I remember first hearing about Covid-19 about two years ago. Which makes sense since, you know, “19.” For me, it’s closely associated with the holidays because we were on a family Christmas vacation to our favorite place in the world and talking innocently about it as if it wasn’t about to flip the whole world upside down and shake it like it was trying to dislodge lunch money.
Then I remember coming back to the real world and having talks at work about it and what we’d do when “community spread” inevitably started in our state. Most of the folks in the company thought the few of us saying things like “quarantine” and “shut-down” were being alarmist. We closed our office and had people working from home earlier than most, but things started to move very quickly in February and March of 2020. I thought maybe that’d last about a month. Six weeks, tops. We were the United States, for god’s sake. We knew how to handle shit like this. Lesson in hubris learned. Lesson in how selfish some of us are learned.
As plugged into Covid as I thought I was, I distinctly remember the creeping horror movie moment of being at Target and seeing empty grocery shelves and people shopping like they thought the world was coming to an end. As plugged into Covid as I thought I was, I was not prepared for what it actually meant to live though a global pandemic. I remember worrying desperately for my mom, my employees, and my family. We were not prepared — none of us, though we knew this thing was going to happen some day.

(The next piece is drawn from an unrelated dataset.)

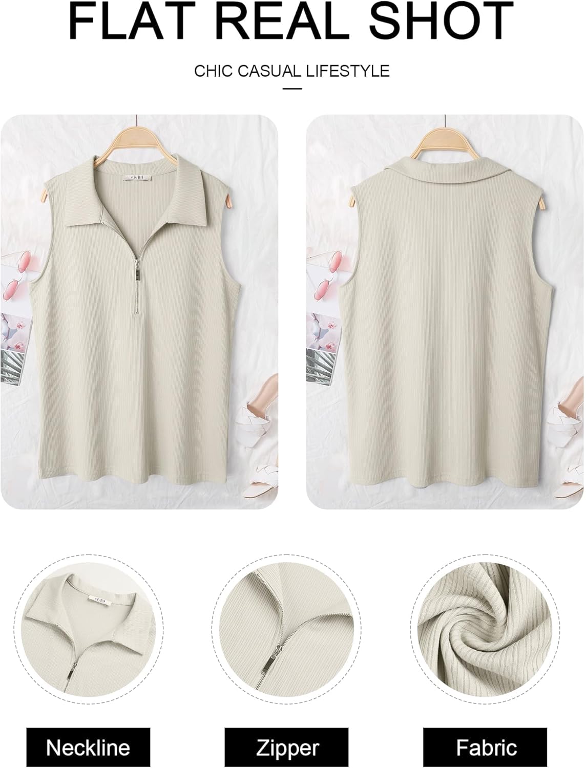 Our Zipper sleeveless tops with Great material that flows and not easily wrinkle and is a good length. Very flattering~ Basic tops for spring, summer, fall, and winter.
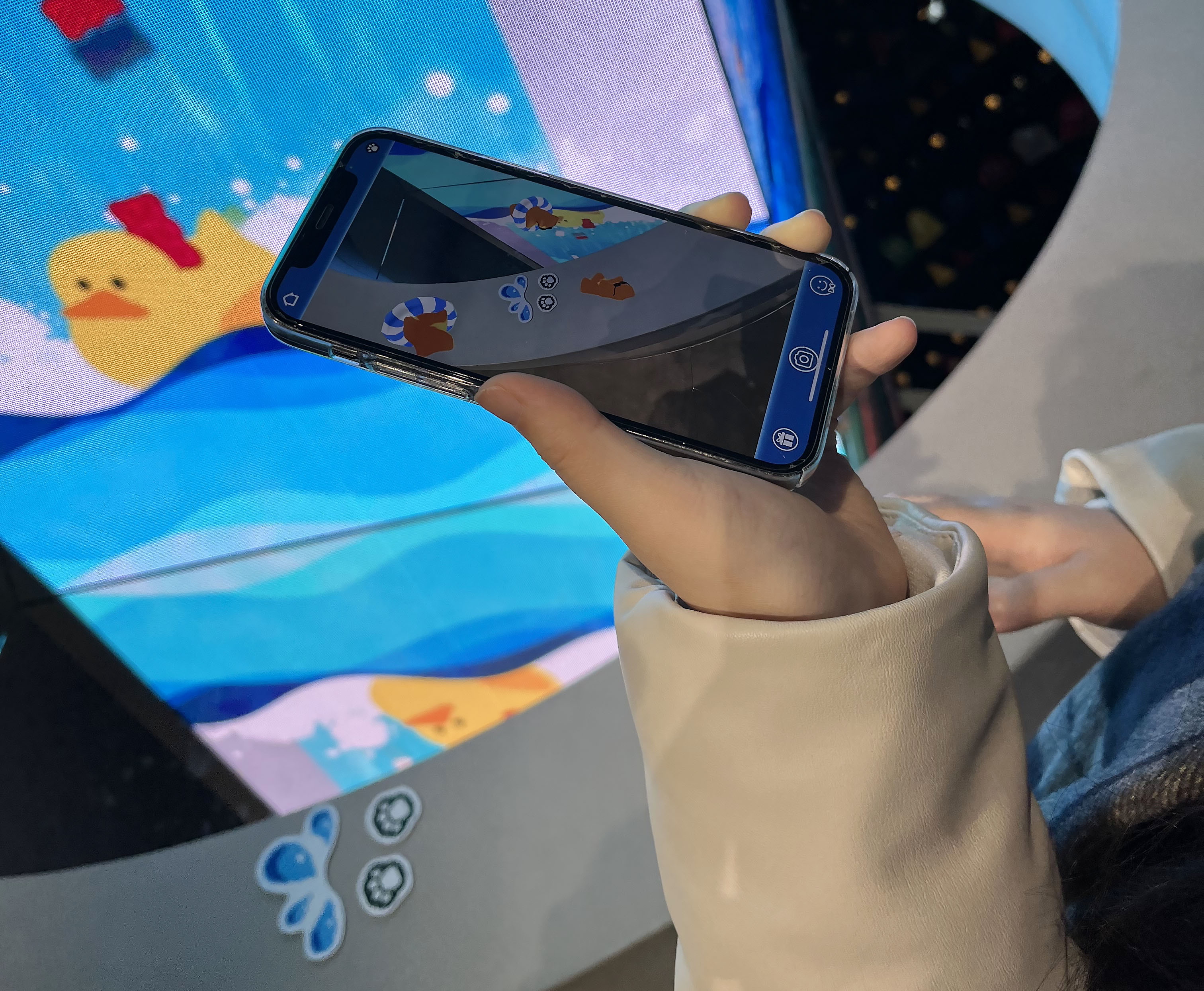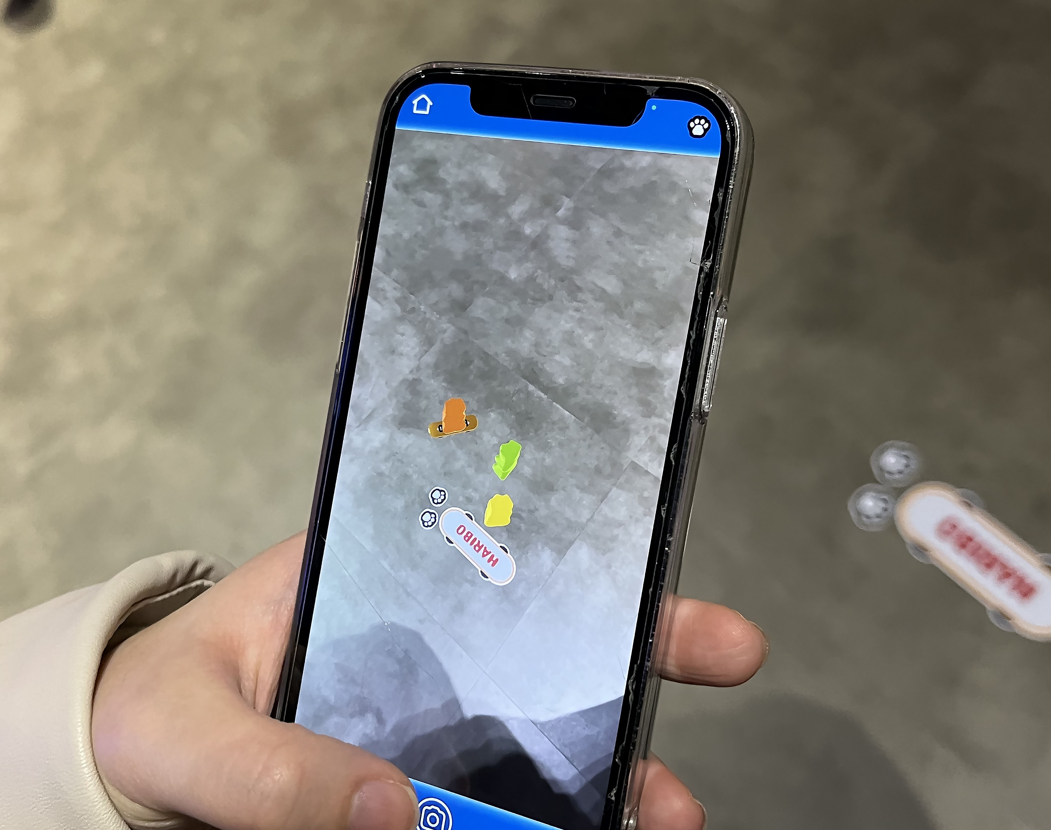 하리보 월드를 더욱 재미있게 즐기고 싶다면 꼭 설치해야 하는 필수 어플이 있는데요. ‘haribo world’라는 어플을 미리 다운로드해 가시는 걸 추천드립니다. 전시장 곳곳에 있는 AR 콘텐츠에 카메라를 가져다 대면 전시장에 숨어서 움직이고 있는 골드베렌들을 볼 수 있고, 필터 카메라를 켜서 골드베렌들과 함께 셀피도 남길 수 있답니다. 분수대에 발자국이 있어 AR 필터를 가져다 대니 귀여운 골드베렌들이 물놀이를 하고 있는 모습을 발견했어요.

I was an early advocate for universal mask usage and recall thinking the CDC was making a grave error when they pretended they weren’t necessary to wear (moral: always tell the truth as best you know it). I am also a fervent advocate for vaccination. I have been doing my best to let science be my guide throughout Covid, understanding that science isn’t an always forward-moving thing and needs time to solidify.
I say all that because even though it’s the holidays again and we’re scheduled to make our holiday trip to our favorite place next week (and require negative Covid tests to do so) and there’s an aggressively contagious new variant rushing around the world and more than a 1,000 Americans a day are dropping dead, things aren’t the same as they were two years ago. I’m not the same. I went to see Spider-Man last night. In a pretty full theater. With crowds of people in the lobby. I mean, I was masked, but 2/3 of those around me weren’t (which means my mask wasn’t doing much good to protect me).
Thing is, I am just so fucking tired of Covid. Everyone is. And there are vanishingly few things I love more than seeing new Marvel movies with my kids. So that’s what I did. With a bunch of other people who feel the same way, apparently.
In Minnesota, 71% of people have at least one vaccine shot. In my county, that number’s 81%. Ninety-nine percent of my fellow Hennepin Countians who are the most at-risk for serious illness and death are vaccinated. And there’s a ton of early data that suggest Omicron is, yes, much more infections but also instigates noticeably less severe illness. I’m triple vaxxed as is my entire family. As could be everyone I see around me (except those who have some pre-existing medical issue that complicates their vaccination). We are flooded with vaccine in the United States.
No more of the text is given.